Album Review | #Bloomerangs Offer Moments and Fragments

#Bloomerangs are an Indiana-based jazz collective espousing an array of global influences on their new record, Moments and Fragments. Although rooted in jazz, the outfit seamlessly performs genre-swapping pieces while also remaining accessible to the average listener.

Album opener ‘Home’ is a chill, bluesy track kicking off with piano stylings and beefy, progressive support from the guitar. Rhythmically, there’s a soft but rolling touch from the airtight bass and drums, while the lead guitar lines are clever and harmonically rich.

By contrast, ‘Leaps and Bounds’ has a more hurried pace, complemented by sprinklings of slick piano lines from Clay Wulbrecht. The piece is chock-full of curious, mesmerizing melodies, along with a handy drum and bass interchange which holds down the rhythm.

The inventive and playful nature of jazz is rampant across Moments and Fragments. The chemistry between group members is evident as they effortlessly trade the spotlight without egos getting in the way.

Swinging in with odd time signatures is the piano-driven ‘Catch a Clue’. Rambling guitar lines and pouty drums dance in a trade-off amidst the improv-fueled action, as all members show off their technical proficiency without killing the vibe.

The latter half of the record explores a more atmospheric tone with greater experimentation.

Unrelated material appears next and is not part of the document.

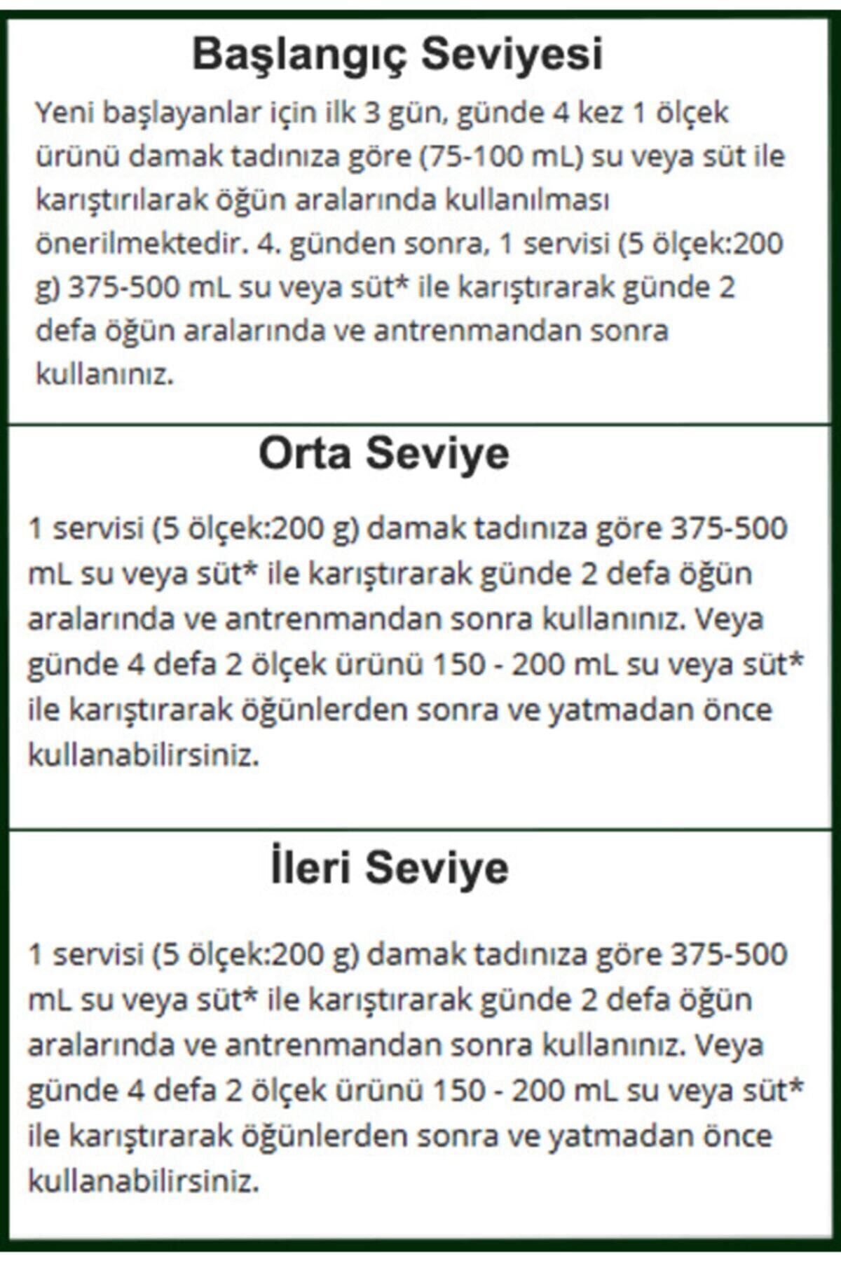 5000 Gram Servis Miktarı : 5 Ölçek (200 g) Servis Sayısı : 25 1 Servis Üründe% Günlük Değer

While the anxious tones on ‘Change of Pace’ border on modern rock, they are fused with an ominous ambience. Following this, ‘Mind Your F’ mollifies the situation with gliding harmonics and pretty bell tones. This one certainly hits a peak for meditative serenity on the record.

Last is ‘That Sums It Up’, with almost jarring guitar riffs over glowing piano voicings and flashy drum fills. The drumming brings a lot of variety and personality to the table via sharp snare cracks, rolling toms, and intermittent splashes. As the crescendo begins, there is an almost psychedelic flair to their musical union.

Jazz schooling may be the core of #Bloomerangs’ mindset, but their playful use of other genres offers an insight into just how flexible jazz is. These musicians’ ears are not glued to the past, however, their fusion is far-reaching and modern in selection.